Food blogging isn’t my forte, though I like food; there are others, even here at the Hub of Sparkle who have me beat in that department. However, Man Bites World is a food blogger from Los Angeles who has set out to eat food from a different country every day, and he did a write-up about the restaurant he visited in Koreatown recently. They had a proper seafood scarfdown, and he took some fun pictures of the food they ate.
I don’t know if any of you have tried Agujjim or any of the other foods that feature sea squirt (I found some in a shabu shabu one time), but it’s a funny little sea critter that explodes with liquid once you bite into it, kind of the way a grape explodes, except times about seven, both in the amount of force required to break it, and in the amount of liquid that comes out. The first time I tried it, the jet of water went right out between my closed lips, and embarrassed me in front of all five of my ex-girlfriend’s high school pals. I should have known better when, as I raised the sea squirt to my mouth, all the ladies at the table stopped what they were doing and leaned forward with expectant looks on their faces.
The looks on these people’s faces as they bite down give a pretty good expression of the experience…
And kind of remind me of those Buckley’s Mixture videos: Buckley’s Mixture is a Canadian cough syrup brand which works. However, it tastes so vile, I know a lady who actually used to punish her kid by making him eat it when he was naughty. My theory is that it works because your body says “Good lord! He’s playing hardball now! OK! I’ll get better! Just don’t feed me any more of that swill!” The faces people make when they eat it sort of makes it the 2 Girls 1 Cup of food. (If you don’t know what 2 Girl’s 1 Cup is, it’s an extremely boring video that was inexplicably popular a little while ago, but a total waste of time, and you really shouldn’t bother googling it and wasting your own time, because you’ll be angry at me for telling you about it. For a more detailed description, without actually watching it, comedian Jon Lajoie sings a touching song about what happens in it.)
Lesson learned: when you’re about to sample a Korean food, and all the Koreans in the vicinity drop what they’re doing to watch your reaction when you eat it, and lean forward looking like this (except Korean).
You’re about to be at the butt of a joke. However, you can console yourself with the good news that you use chopsticks very well.
30/11/2008 at 12:06 pm Permalink
I had this experience eating my FIRST MEAL IN KOREA!!! The director of the education office took us (the group of 13 I flew from Canada to Korea with in 2005) out for lunch. It was insanely spicy sea food stu (not sure what the proper name of it is in Korean). I decided to be brave and just eat anything and everything I picked up with my chopsticks.

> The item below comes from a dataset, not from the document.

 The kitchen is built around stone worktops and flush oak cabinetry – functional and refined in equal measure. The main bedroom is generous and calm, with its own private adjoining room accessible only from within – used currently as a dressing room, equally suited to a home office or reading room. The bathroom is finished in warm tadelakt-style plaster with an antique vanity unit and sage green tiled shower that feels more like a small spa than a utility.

I put a big piece of what looked like a squid’s head into my mouth and bit down–POP SQUOOSH!!! Oh my god . . .
Nice post, it made me relive the whole freakin’ experience again–I need some McDonalds STAT!
J
01/12/2008 at 12:55 am Permalink
I do not get the attraction of Agujjim…it’s a lot of money for a bunch of fish bones and a plate of beansprouts…when I eat the sea squirt, it always reminds me of the face of a “celebrity” who had to eat a kangaroo’s testicle on one of those relaity shows that requires you to do such demeaning tasks…
01/12/2008 at 1:03 am Permalink
I used to live near a little agujim street where there were a dozen agujim resaurants in the space of one city block. I tried it one time and that was fine. We picked the restaurant that had the picture of the owner on the sign, and bud, this owner-lady had pretty much the ugliest mug I have seen in my life — it was epically awful, and it remains a mystery why one would put a face like that on one’s restaurant, given all the other, prettier pictures one could put up instead — I mean, Steve Buscemi doesn’t have his mugshot on his business card, does he? She was cute, though: when my friend and I sat down, she ran from table to table asking if anybody knew English to help her take our order.

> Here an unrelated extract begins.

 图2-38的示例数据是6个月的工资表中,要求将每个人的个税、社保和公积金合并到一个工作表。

01/12/2008 at 4:25 pm Permalink
Usually when the whole school goes out for dinner, I sit at the table, alone between every one else. I entertain myself by eating slowly, as usual, and trying every combination of everything there is.
Everyone is use do me doing this and ignores me for the most part, so no one noticed when I picked up this squirtamabob. I thought I would bit through t like you do with most food, holding the outside half with my chopsticks. The end result was the three other people suddenly found out what I was eating, or rather TRYING to eat.